Abstract

In this study, a new computational approach for predicting the performance of hot-water flooding in unconsolidated heavy oil reservoirs is presented. The proposed model predicts the changes in the oil–water viscosity ratio (μo/μw) by estimating the reservoir temperature distribution through porous media. Then, the dimensionless and normalized variables were redefined to forecast water fractional flow as a function of temperature and water saturation. Moreover, the proposed approach predicts the cumulative heavy oil production and recovery factor more accurately and with less required input data and runtime compared to commercial simulators such as CMG-STARS (computer modeling group), etc.Estimated results were validated using laboratory experimental data and numerical simulation outputs.

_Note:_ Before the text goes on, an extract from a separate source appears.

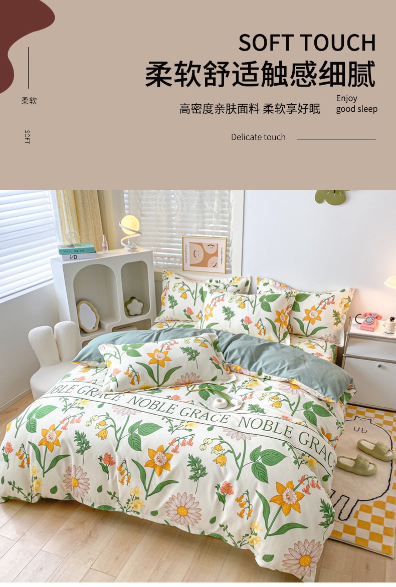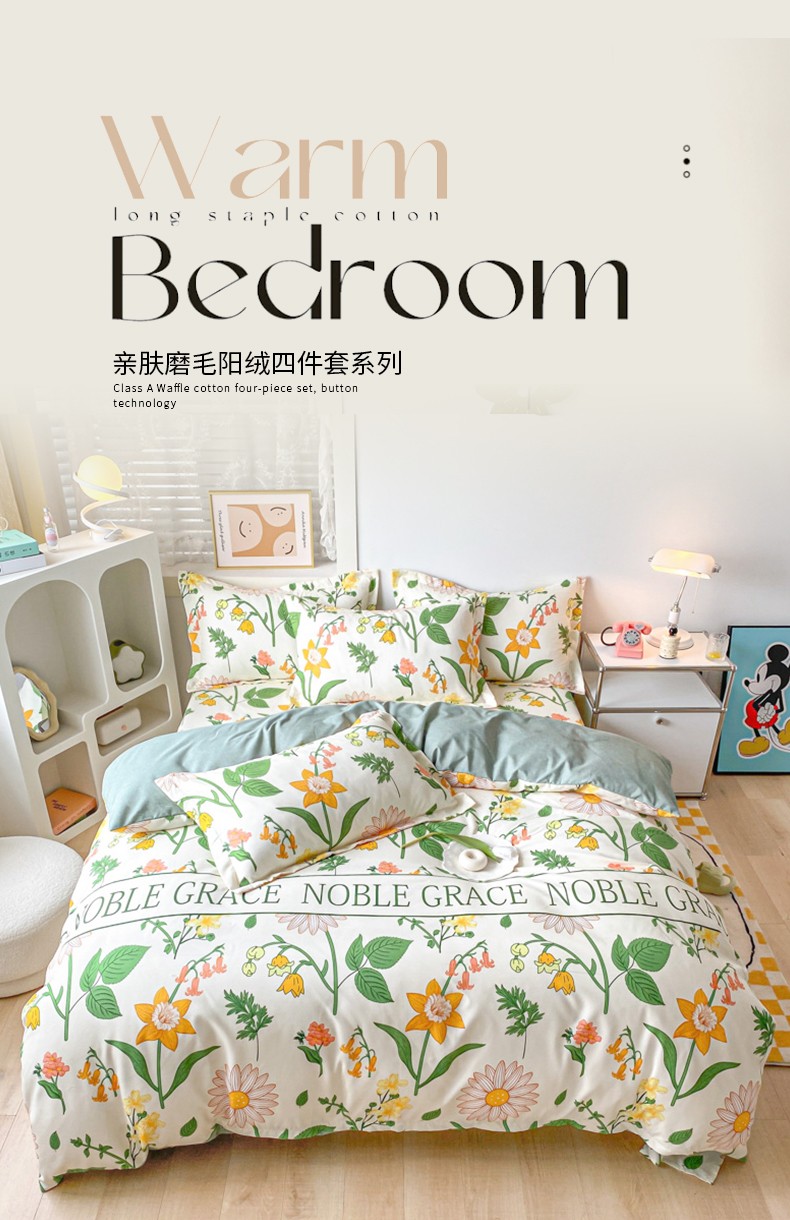宇淳国际 2023新款加厚植物羊绒四件套 花田假日

A total of 4 core-flooding experiments were conducted at injection temperatures of 20–80 °C. Numerical simulation models based on the laboratory HWF tests were developed in CMG-STARS. The water–oil relative permeability curves were tuned to history match simulation results with those obtained from experiments.Finally, the predicted cumulative heavy oil productions, recovery factors (RF) and production rates by the proposed approach were compared to the results from the laboratory sandpacked tests and simulation runs for three scenarios. The relative errors between heavy oil recovery factors obtained from computational approach and experimental data were measured to be 11.01%, 14.51% and 13.69% for injection temperatures of 40, 60 and 80 °C, respectively.